The world's water consumption rate is doubling every 20 years, outpacing by two times the rate of population growth. It is projected that by the year 2025 water demand will exceed supply by 56%, due to persistent regional droughts, shifting of the population to urban coastal cities, and water needed for industrial growth. To cope with the demand desalinating brackish water or sea water is one of the solutions adopting desalination technology.
Desalination is the process of removing salts from seawater to provide purified water for industry, irrigation and drinking.
Primary methods of desalination, or removing salt from water, include thermal processes, such as distillation, and membrane processes, such as reverse osmosis and electro dialysis. Other methods of desalination include freezing, solar dehumidification and membrane distillation (combination of thermal and membrane methods).
Thermal methods require a large input of energy to heat the water. Membrane methods of desalination include reverse osmosis and electro dialysis. Membrane processes use selective permeability to separate salts and water.
Membrane methods of desalination require energy for mechanical processes. Reverse osmosis is the most cost effective in many applications. Other considerations include the degree of purity required, scale of production and cost of chemical pretreatments.
Reverse osmosis, uses membranes that filter out the salt, but these require strong pumps to maintain the high pressure needed to push the water through the membrane, and are subject to fouling and blockage of the pores in the membrane by salt and contaminants. The reverse osmosis process also requires tremendous amounts of energy for desalination.
Nanoparticles for cheaper desalination
The key problems that exist with the current membrane technology are biofouling and mechanical degradation of the membranes.Hence it is necessary to develop a coating for commercially available membranes, which will inhibit biofouling and/or biofoulant growth or reproduction, and synthesize an additive for membrane materials, which will significantly reduce the compaction experienced by current, state of the art polymeric membranes. By introducing a thin layer of coating and nanoparticles in the membrane system, the flow of water can be improved, the need for cleaning can be reduced and the membrane structure can be strengthened. If the potential reduction of biofouling by 75 per cent is achieved, the energy bill of a desalination plant will be reduced by up 30 per cent, downtime for cleaning could be halved and the life of the membranes extended from two to 10 years.

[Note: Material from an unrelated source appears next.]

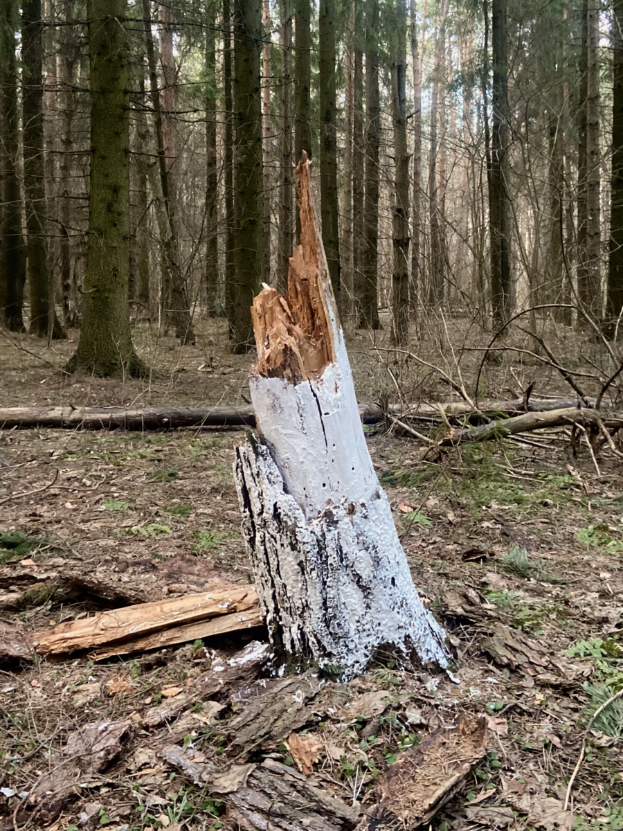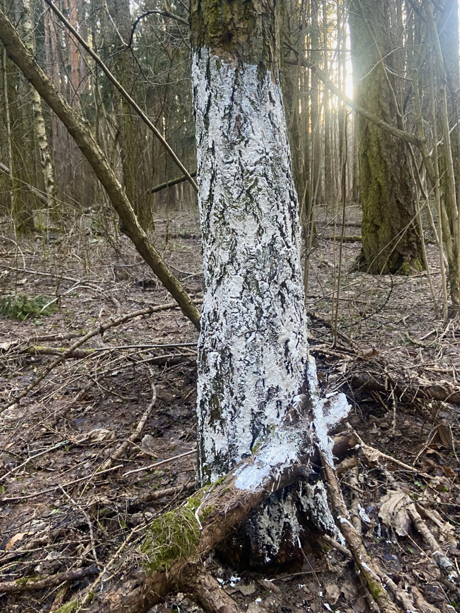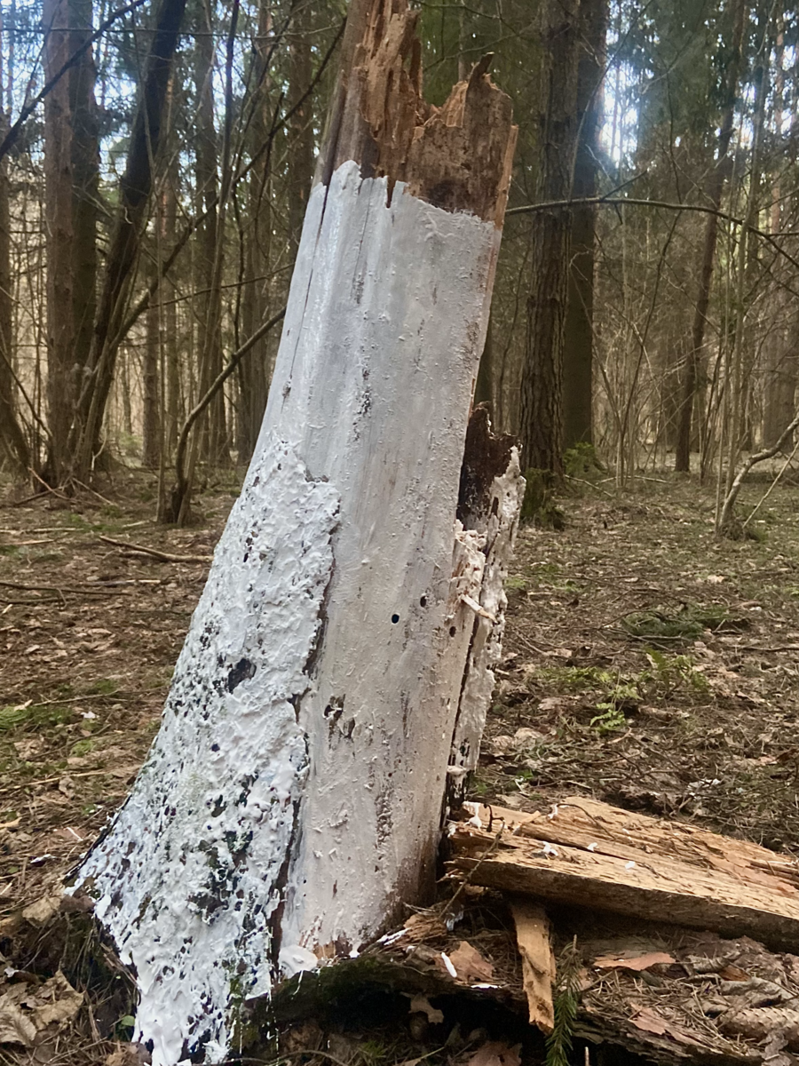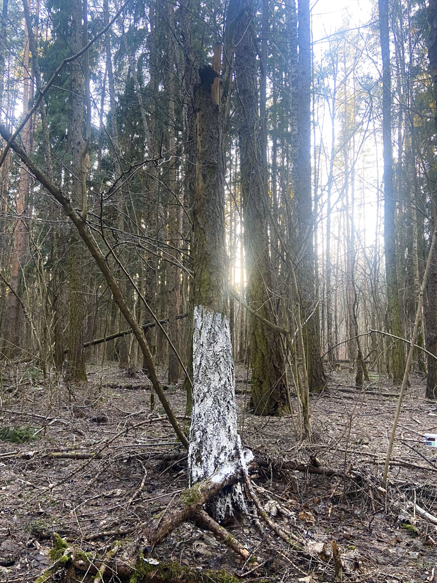 Мой проект заключается в том, что я белю уже мертвые деревья в лесу, пытаюсь спасти то, что уже спасти невозможно. Мои усилия бесполезны, моя борьба с силами природы уже заранее проиграна. В своей работе я хочу подчеркнуть, насколько человек, свято верящий в свое всемогущество, на самом деле бессилен перед силами природы, времени и судьбы.

Nanotubes help to solve desalination problem
Current desalination methods force seawater through a filter using energies four times larger than necessary. Throughout the desalination process salt must be removed from one side of the filter to avoid the need to apply even larger energies.
A team of researchers from The Australian National University have discovered a way to remove salt from sea water using nanotubes made from boron and nitrogen atoms that will make the process up to five times faster. Boron nitride nanotubes can be thought of as a hollow cylindrical tube made up of boron and nitrogen atoms. Using boron nitride nanotubes and the same operating pressure as current desalination methods, we can achieve 100 percent salt rejection for concentrations twice that of seawater with water flowing four times faster, which means a much faster and more efficient desalination process.
A carbon nanotube technology can be used to desalinate water and can be applied to other liquid based separations also.
Scientists have used computational tools to simulate the water and salt moving through the nanotubes and found that the boron nitride nanotubes not only eliminate salt but also allow water to flow through extraordinarily fast, comparable to biological water channels naturally found in the body.
Nano magnetic particles for desalination
It is the use of a self-assembled structure of the iron-storage protein ferritin to make nanoscale magnetic particles.
The Nanomagnetic approach exploits a water purification process called Forward Osmosis. Basically, it is similar to a bag made of a nanoporous membrane filled with these magnetic nanoparticles that serves, and the bag is placed into contaminated water. The dirty water would be pulled through the membrane into the bag by osmotic pressure exerted by the difference in concentration and the nanoparticles in the bag and the bag can be used again
Compared to RO, forward (or Direct) osmosis offers lower energy process and efficiency, increased membrane lifetimes and reduced fouling and water recovery exceeding 85% for seawater (40-60% for Reverse Osmosis).